> [TASK INSTRUCTIONS] In the data below, how many lines contain the string "outdoor"? Give only the number.

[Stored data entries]
▬▬▬▬▬▬

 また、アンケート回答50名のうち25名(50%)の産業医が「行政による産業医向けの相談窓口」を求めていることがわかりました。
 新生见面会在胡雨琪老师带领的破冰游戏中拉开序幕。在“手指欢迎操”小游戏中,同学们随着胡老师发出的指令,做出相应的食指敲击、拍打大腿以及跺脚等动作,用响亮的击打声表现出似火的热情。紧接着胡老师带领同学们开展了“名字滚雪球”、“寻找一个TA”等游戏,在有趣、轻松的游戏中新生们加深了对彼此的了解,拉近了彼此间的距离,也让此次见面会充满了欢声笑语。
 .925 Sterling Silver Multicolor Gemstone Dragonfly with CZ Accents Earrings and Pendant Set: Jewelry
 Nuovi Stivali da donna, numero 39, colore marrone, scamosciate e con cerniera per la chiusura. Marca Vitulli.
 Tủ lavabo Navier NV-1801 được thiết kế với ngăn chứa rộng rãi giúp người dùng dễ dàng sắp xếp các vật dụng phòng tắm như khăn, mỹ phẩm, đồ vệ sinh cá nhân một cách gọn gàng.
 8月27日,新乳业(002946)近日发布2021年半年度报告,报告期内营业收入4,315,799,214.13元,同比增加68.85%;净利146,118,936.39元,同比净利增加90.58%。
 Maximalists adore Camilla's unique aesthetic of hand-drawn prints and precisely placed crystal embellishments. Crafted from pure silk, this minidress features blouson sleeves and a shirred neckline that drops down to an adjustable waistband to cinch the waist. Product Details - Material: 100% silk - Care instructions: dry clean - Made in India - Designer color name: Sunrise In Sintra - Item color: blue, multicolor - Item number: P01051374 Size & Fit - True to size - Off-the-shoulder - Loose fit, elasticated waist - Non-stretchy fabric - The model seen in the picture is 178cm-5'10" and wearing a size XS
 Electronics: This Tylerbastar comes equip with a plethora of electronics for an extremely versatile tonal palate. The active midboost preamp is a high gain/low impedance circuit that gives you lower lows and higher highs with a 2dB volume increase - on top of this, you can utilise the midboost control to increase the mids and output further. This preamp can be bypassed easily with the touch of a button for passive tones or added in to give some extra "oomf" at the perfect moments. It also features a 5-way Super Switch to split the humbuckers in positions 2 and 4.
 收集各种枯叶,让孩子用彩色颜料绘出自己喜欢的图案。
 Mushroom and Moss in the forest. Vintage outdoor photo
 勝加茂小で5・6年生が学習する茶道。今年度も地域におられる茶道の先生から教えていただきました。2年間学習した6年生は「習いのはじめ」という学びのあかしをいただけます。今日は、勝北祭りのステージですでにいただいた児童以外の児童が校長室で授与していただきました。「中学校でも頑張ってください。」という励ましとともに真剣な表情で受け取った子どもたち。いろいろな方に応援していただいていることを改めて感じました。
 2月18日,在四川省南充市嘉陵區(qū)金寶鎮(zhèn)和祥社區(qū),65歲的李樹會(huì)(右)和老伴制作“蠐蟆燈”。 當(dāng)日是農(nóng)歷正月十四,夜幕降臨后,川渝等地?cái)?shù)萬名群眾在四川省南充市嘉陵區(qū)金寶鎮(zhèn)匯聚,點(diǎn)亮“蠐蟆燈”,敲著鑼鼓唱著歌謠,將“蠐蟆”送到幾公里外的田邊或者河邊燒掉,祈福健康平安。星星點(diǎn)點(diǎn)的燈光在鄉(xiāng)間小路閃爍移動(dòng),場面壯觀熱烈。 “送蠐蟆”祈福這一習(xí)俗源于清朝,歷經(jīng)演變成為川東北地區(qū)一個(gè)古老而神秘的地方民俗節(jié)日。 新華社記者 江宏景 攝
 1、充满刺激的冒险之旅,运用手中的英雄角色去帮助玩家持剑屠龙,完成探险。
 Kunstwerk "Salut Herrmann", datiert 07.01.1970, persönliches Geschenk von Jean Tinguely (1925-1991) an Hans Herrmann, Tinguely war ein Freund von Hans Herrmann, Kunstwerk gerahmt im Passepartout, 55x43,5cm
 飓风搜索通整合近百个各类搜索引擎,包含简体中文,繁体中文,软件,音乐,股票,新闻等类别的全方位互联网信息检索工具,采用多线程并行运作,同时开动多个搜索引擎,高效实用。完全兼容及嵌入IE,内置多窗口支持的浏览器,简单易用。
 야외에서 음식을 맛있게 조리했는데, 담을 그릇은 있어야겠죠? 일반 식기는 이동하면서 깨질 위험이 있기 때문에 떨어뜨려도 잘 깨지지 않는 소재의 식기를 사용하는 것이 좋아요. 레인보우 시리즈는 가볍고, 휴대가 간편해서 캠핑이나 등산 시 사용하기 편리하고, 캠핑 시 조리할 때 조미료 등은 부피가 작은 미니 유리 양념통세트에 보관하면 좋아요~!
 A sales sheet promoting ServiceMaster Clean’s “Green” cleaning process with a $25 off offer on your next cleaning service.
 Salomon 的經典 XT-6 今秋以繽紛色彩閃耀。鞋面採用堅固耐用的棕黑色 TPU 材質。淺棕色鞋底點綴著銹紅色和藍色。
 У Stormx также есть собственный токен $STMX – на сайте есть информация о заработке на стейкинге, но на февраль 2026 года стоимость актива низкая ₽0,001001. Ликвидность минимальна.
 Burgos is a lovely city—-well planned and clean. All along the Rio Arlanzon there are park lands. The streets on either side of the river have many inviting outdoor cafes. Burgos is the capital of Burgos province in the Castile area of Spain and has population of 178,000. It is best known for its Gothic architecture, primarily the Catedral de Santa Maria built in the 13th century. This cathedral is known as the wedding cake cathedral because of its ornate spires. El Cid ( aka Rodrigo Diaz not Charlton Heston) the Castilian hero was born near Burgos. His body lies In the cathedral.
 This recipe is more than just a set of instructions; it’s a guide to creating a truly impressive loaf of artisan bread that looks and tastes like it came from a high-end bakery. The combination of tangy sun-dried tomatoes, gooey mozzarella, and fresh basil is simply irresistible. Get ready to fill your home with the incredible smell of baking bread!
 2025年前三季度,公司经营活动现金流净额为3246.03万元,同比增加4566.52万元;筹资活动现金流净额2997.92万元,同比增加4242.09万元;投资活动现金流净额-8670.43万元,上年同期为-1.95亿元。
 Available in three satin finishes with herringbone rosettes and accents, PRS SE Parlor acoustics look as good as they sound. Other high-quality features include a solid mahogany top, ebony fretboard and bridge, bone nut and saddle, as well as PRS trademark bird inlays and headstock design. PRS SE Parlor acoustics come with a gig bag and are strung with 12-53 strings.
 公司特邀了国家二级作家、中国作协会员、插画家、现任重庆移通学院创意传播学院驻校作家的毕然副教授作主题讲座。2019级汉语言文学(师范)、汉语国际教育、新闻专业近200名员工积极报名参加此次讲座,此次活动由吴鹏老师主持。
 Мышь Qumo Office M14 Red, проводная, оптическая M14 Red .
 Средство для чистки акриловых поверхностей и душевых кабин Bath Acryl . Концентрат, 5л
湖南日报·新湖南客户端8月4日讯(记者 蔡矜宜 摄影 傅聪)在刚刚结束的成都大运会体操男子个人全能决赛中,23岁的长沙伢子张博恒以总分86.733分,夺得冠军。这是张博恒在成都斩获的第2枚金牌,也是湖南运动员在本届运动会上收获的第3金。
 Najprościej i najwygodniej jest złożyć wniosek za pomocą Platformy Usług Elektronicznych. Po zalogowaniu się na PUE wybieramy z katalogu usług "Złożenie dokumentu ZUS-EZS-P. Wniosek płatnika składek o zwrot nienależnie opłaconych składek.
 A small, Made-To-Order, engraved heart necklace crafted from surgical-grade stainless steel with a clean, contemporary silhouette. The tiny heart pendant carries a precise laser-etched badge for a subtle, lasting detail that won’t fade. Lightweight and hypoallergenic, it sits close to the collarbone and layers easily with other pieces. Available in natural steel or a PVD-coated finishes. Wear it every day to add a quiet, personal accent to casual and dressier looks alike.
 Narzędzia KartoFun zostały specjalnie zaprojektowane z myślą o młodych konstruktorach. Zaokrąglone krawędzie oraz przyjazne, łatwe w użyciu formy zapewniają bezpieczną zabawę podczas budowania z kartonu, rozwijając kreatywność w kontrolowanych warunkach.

▬▬▬▬▬▬

> [SOLUTION TO THE PROBLEM] 2